• [What the exercise asks]: Pictures are not part of the copy. Reproduce all the records exactly.
[Start of section]
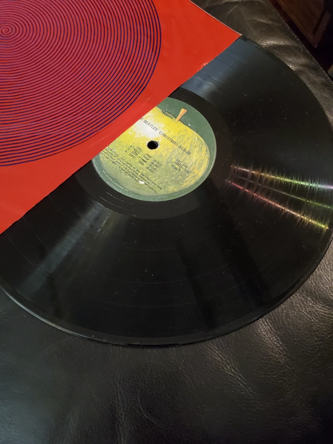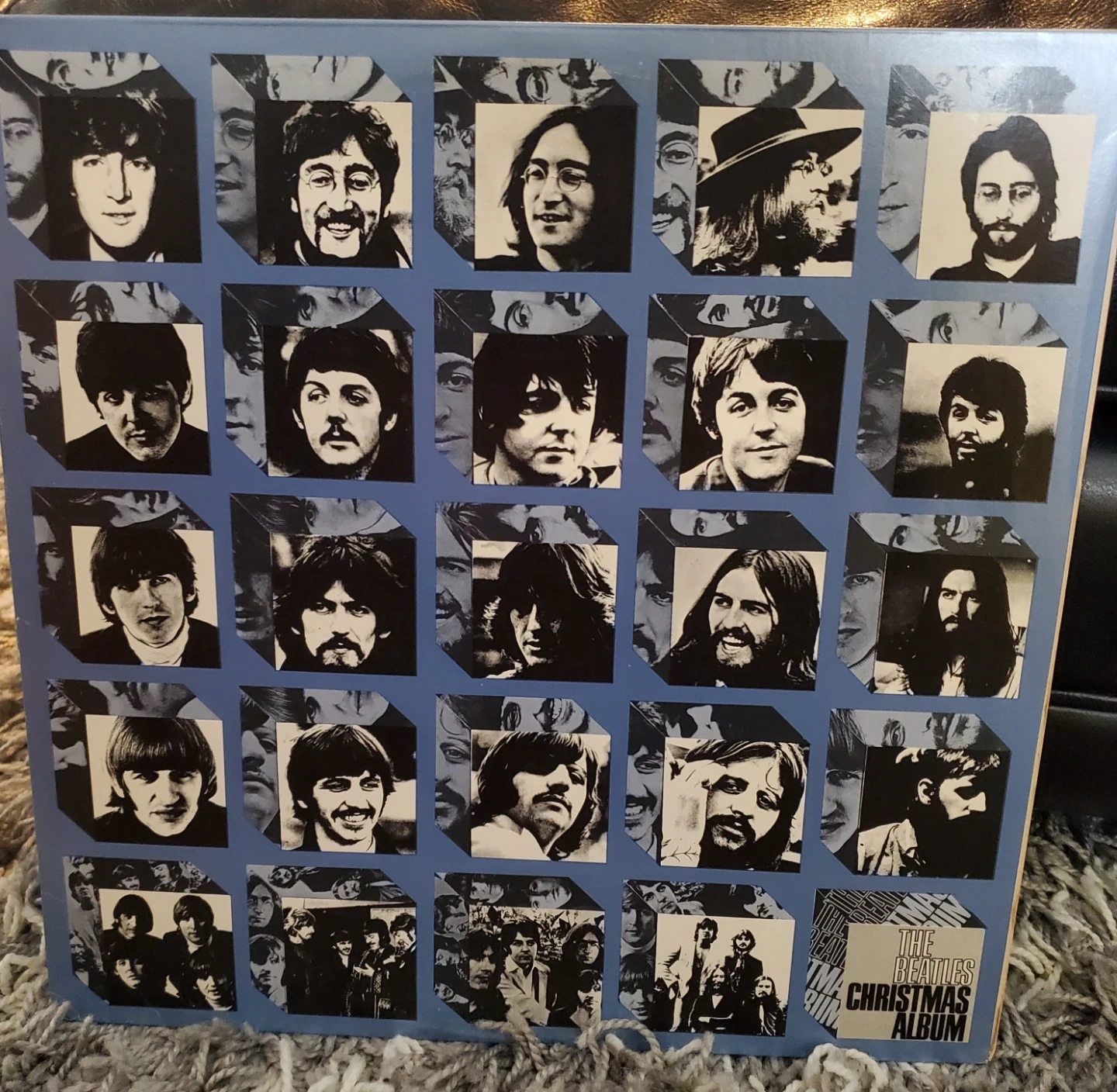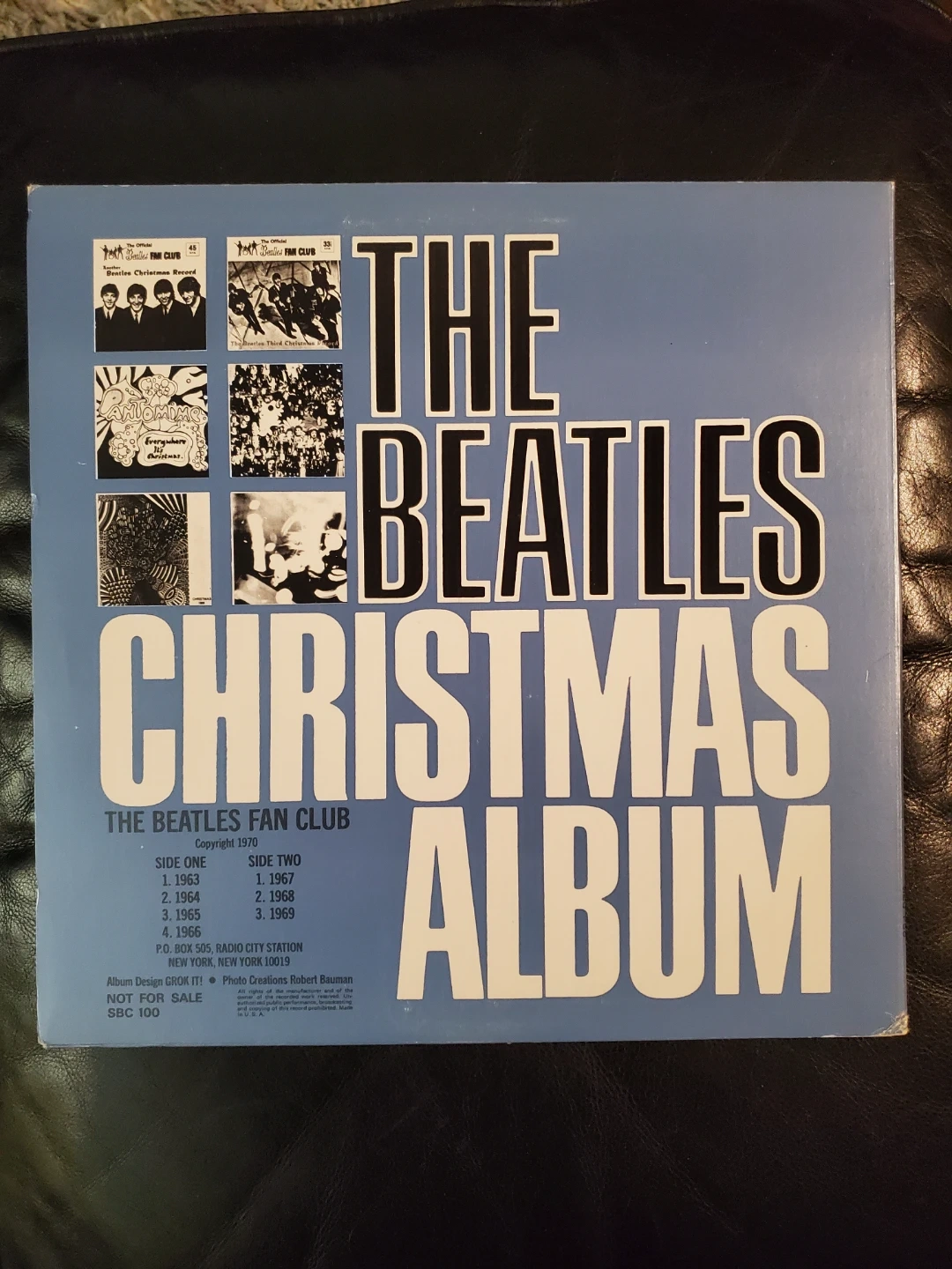 Selling The Beatles Christmas Album. It's from The Beatles Fan Club. Side One includes tracks from 1963, 1964, 1965, and 1966. Side Two features tracks from 1967, 1968, and 1969.
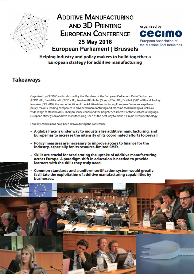 The Additive Manufacturing and 3D Printing European Conference 2016 was recently held at the European Parliament under the theme “Helping industry and policy makers to build together a European stra...
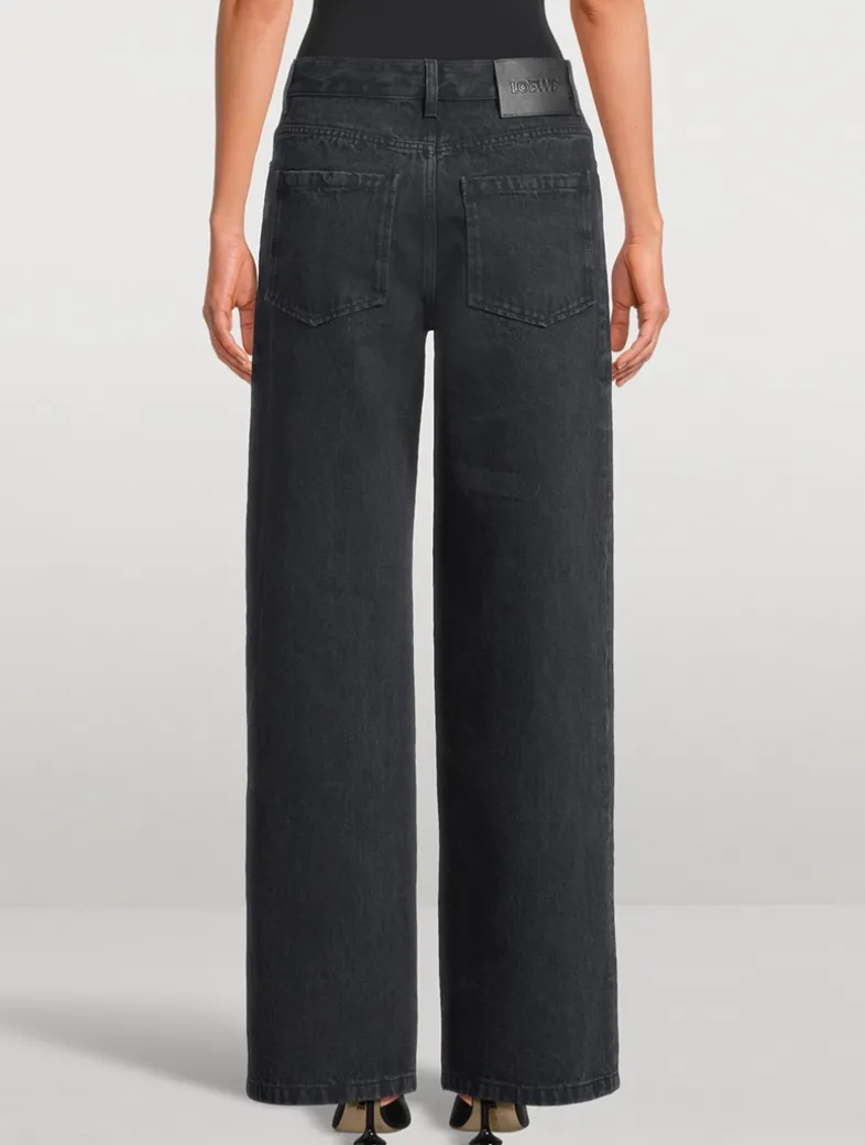 Designed to a mid-rise waist, these baggy jeans are crafted in medium-weight washed cotton denim. They are adorned with tonal Anagram embroidery on the knees.
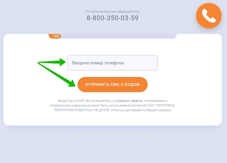 Когда смс придет на сотовый клиента, он должен вам его продиктовать. Вводим код и переходим к заполнению анкеты.
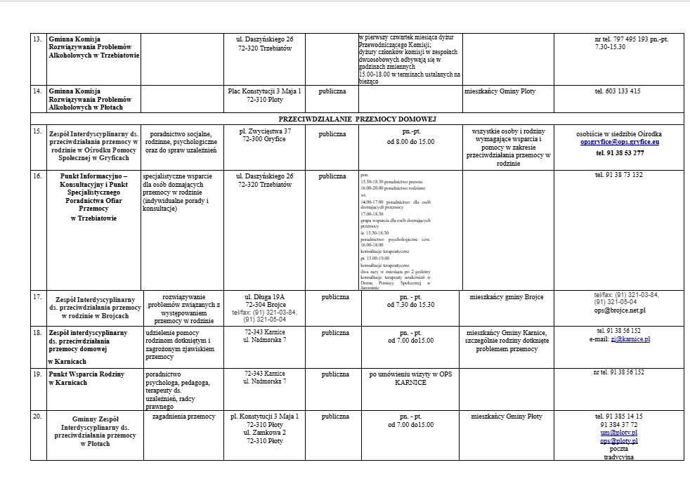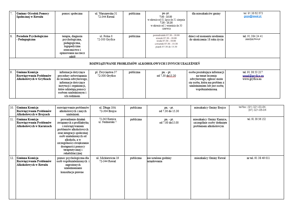 Lista jednostek nieodpłatnego poradnictwa dostępnego dla mieszkańców powiatu gryfickiego.
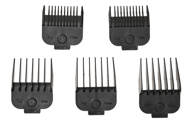 Магнитные гребни для парикмахерских машинок были разработаны для профессионального использования. Эти насадки надёжно фиксируются на ноже машинки с помощью встроенного магнита и представлены в различных размерах для прецизионного фейдинга: 1.5/ 3/ 6/ 10 и 13 мм.
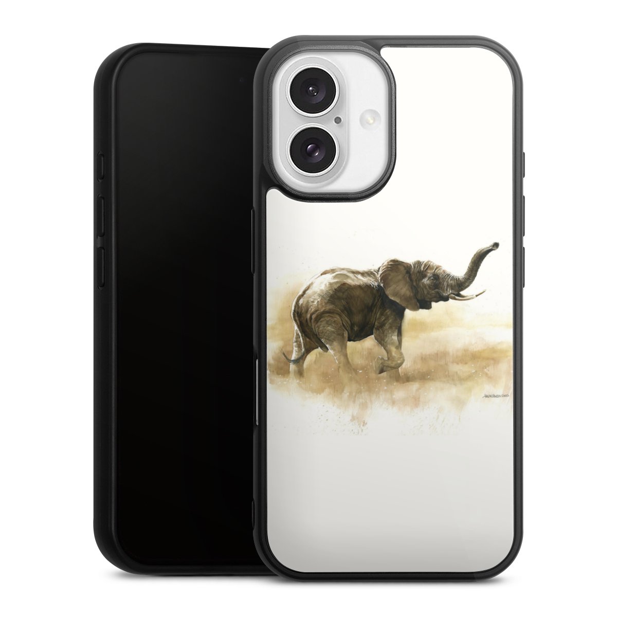 We print your design on the back of the glass inlay and then connect it firmly to the silicone case ,so that nothing sticks out and everything looks like it was cast from one piece. In addition, the sturdy glass element is protected from scratches by an additional coating and ensures a slight reflection on the shiny print image.
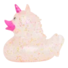 Fabulous cute glitter unicorn duck gift idea. This rubber duck has a beautiful smile that will cheer anyone up. Brighten someone’s day with this pink, gold and silver confetti unicorn.
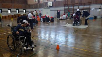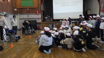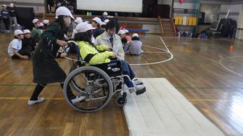 4年生は、社会福祉法人の方々に来ていただき、車椅子に乗るなど、障がい者体験の学習を行いました。
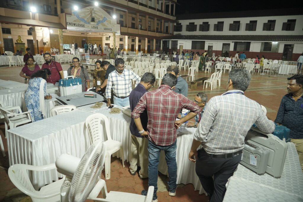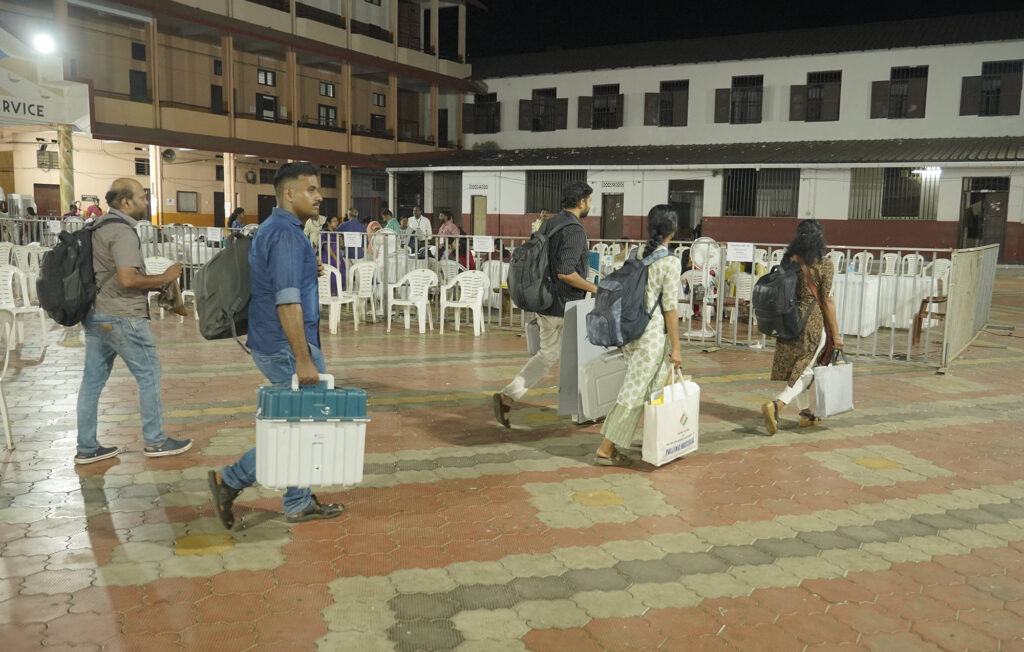 പോളിംഗിനുശേഷം ഏറ്റുമാനൂർ നിയോജകമണ്ഡലത്തിലെ കളക്ഷൻ സെന്ററായ അതിരമ്പുഴ സെന്റ് അലോഷ്യസ് ഹയർ സെക്കൻഡറി സ്കൂളിൽ വോട്ടിംഗ് യന്ത്രങ്ങളും പോളിംഗ് സാമഗ്രികളും തിരികെയെത്തിക്കുന്ന ഉദ്യോഗസ്ഥർ.
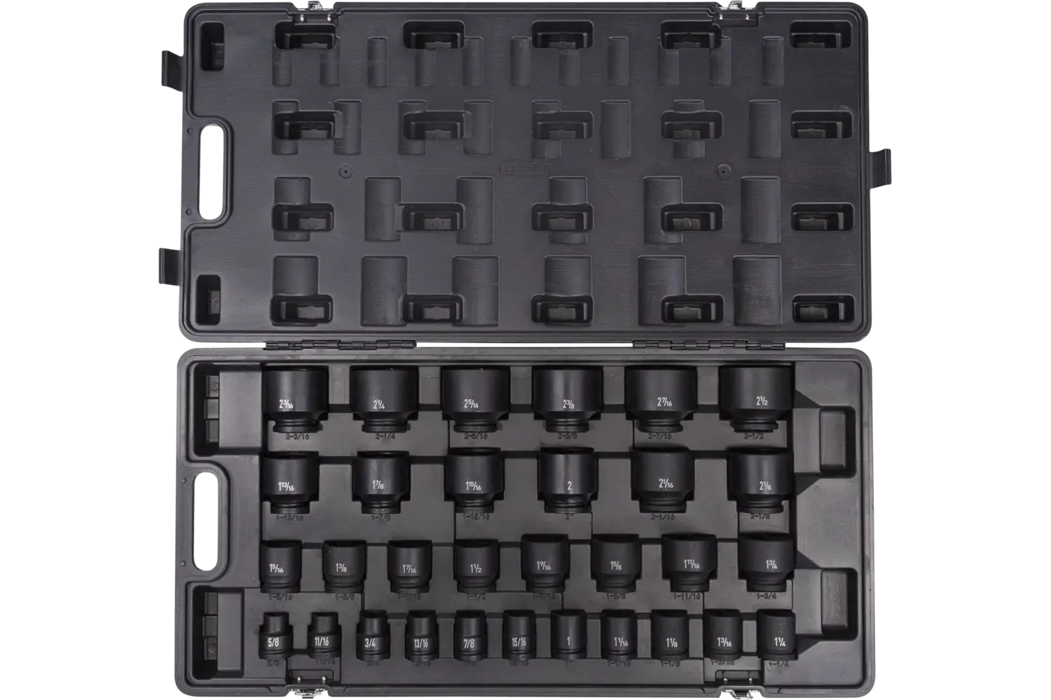 | 5/8in, 11/16in, 3/4in, 13/16in, 7/8in, 15/16in, 1in, 1-1/16in, 1-1/8in, 1-3/16in, 1-1/4in, 1-5/16in, 1-3/8in, 1-7/16in, 1-1/2in, 1-9/16in, 1-5/8in, 1-11/16in, 1-3;4in, 1-13/16in, 1-7/8in, 1-15/16in, 2in, 2-1/16in, 2-1/8in, 2-3/16in, 2-1/4in, 2-5/16in, 2-3/8in, 2-7/16in, 2-1/2in | Magnesium Phosphate | 6 Point | Standard | 31 PC | Blow Mold Case |
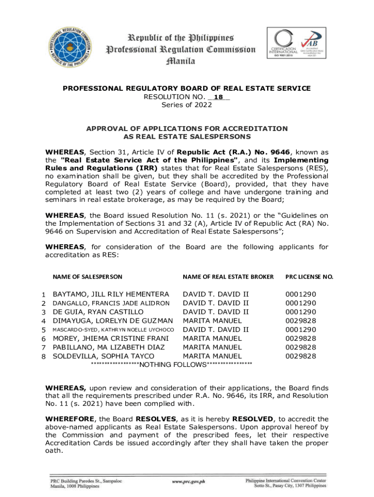 PROFESSIONAL REGULATORY BOARD OF REAL ESTATE SERVICE RESOLUTION NO. ___ 18 Series of 2022 APPROVAL OF APPLICATIONS FOR ACCREDITATION AS REAL ESTATE SALESPERSONS WHEREAS, Section 31, Article IV of
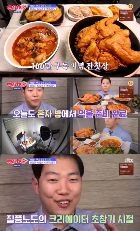 '랜선라이프'에서 유튜버 홍사운드가 100만 구독자를 기념해 먹방을 진행했다.
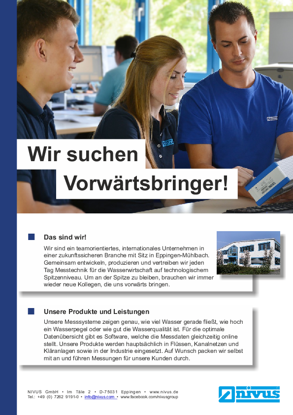 Wir suchen Vorwärtsbringer. Ausbildung bei NIVUS lohnt sich auch für dich!
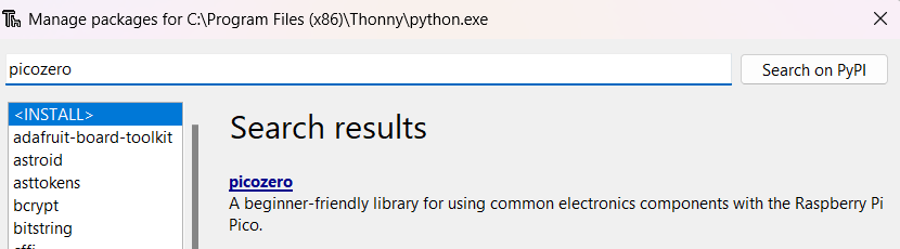 Search for 'picozero' in the search bar. Click on it and hit install.
[End of section]
• [Exercise result]:
 Selling The Beatles Christmas Album. It's from The Beatles Fan Club. Side One includes tracks from 1963, 1964, 1965, and 1966. Side Two features tracks from 1967, 1968, and 1969.
 The Additive Manufacturing and 3D Printing European Conference 2016 was recently held at the European Parliament under the theme “Helping industry and policy makers to build together a European stra...
 Designed to a mid-rise waist, these baggy jeans are crafted in medium-weight washed cotton denim. They are adorned with tonal Anagram embroidery on the knees.
 Когда смс придет на сотовый клиента, он должен вам его продиктовать. Вводим код и переходим к заполнению анкеты.
 Lista jednostek nieodpłatnego poradnictwa dostępnego dla mieszkańców powiatu gryfickiego.
 Магнитные гребни для парикмахерских машинок были разработаны для профессионального использования. Эти насадки надёжно фиксируются на ноже машинки с помощью встроенного магнита и представлены в различных размерах для прецизионного фейдинга: 1.5/ 3/ 6/ 10 и 13 мм.
 We print your design on the back of the glass inlay and then connect it firmly to the silicone case ,so that nothing sticks out and everything looks like it was cast from one piece. In addition, the sturdy glass element is protected from scratches by an additional coating and ensures a slight reflection on the shiny print image.
 Fabulous cute glitter unicorn duck gift idea. This rubber duck has a beautiful smile that will cheer anyone up. Brighten someone’s day with this pink, gold and silver confetti unicorn.
 4年生は、社会福祉法人の方々に来ていただき、車椅子に乗るなど、障がい者体験の学習を行いました。
 പോളിംഗിനുശേഷം ഏറ്റുമാനൂർ നിയോജകമണ്ഡലത്തിലെ കളക്ഷൻ സെന്ററായ അതിരമ്പുഴ സെന്റ് അലോഷ്യസ് ഹയർ സെക്കൻഡറി സ്കൂളിൽ വോട്ടിംഗ് യന്ത്രങ്ങളും പോളിംഗ് സാമഗ്രികളും തിരികെയെത്തിക്കുന്ന ഉദ്യോഗസ്ഥർ.
 | 5/8in, 11/16in, 3/4in, 13/16in, 7/8in, 15/16in, 1in, 1-1/16in, 1-1/8in, 1-3/16in, 1-1/4in, 1-5/16in, 1-3/8in, 1-7/16in, 1-1/2in, 1-9/16in, 1-5/8in, 1-11/16in, 1-3;4in, 1-13/16in, 1-7/8in, 1-15/16in, 2in, 2-1/16in, 2-1/8in, 2-3/16in, 2-1/4in, 2-5/16in, 2-3/8in, 2-7/16in, 2-1/2in | Magnesium Phosphate | 6 Point | Standard | 31 PC | Blow Mold Case |
 PROFESSIONAL REGULATORY BOARD OF REAL ESTATE SERVICE RESOLUTION NO. ___ 18 Series of 2022 APPROVAL OF APPLICATIONS FOR ACCREDITATION AS REAL ESTATE SALESPERSONS WHEREAS, Section 31, Article IV of
 '랜선라이프'에서 유튜버 홍사운드가 100만 구독자를 기념해 먹방을 진행했다.
 Wir suchen Vorwärtsbringer. Ausbildung bei NIVUS lohnt sich auch für dich!
 Search for 'picozero' in the search bar. Click on it and hit install.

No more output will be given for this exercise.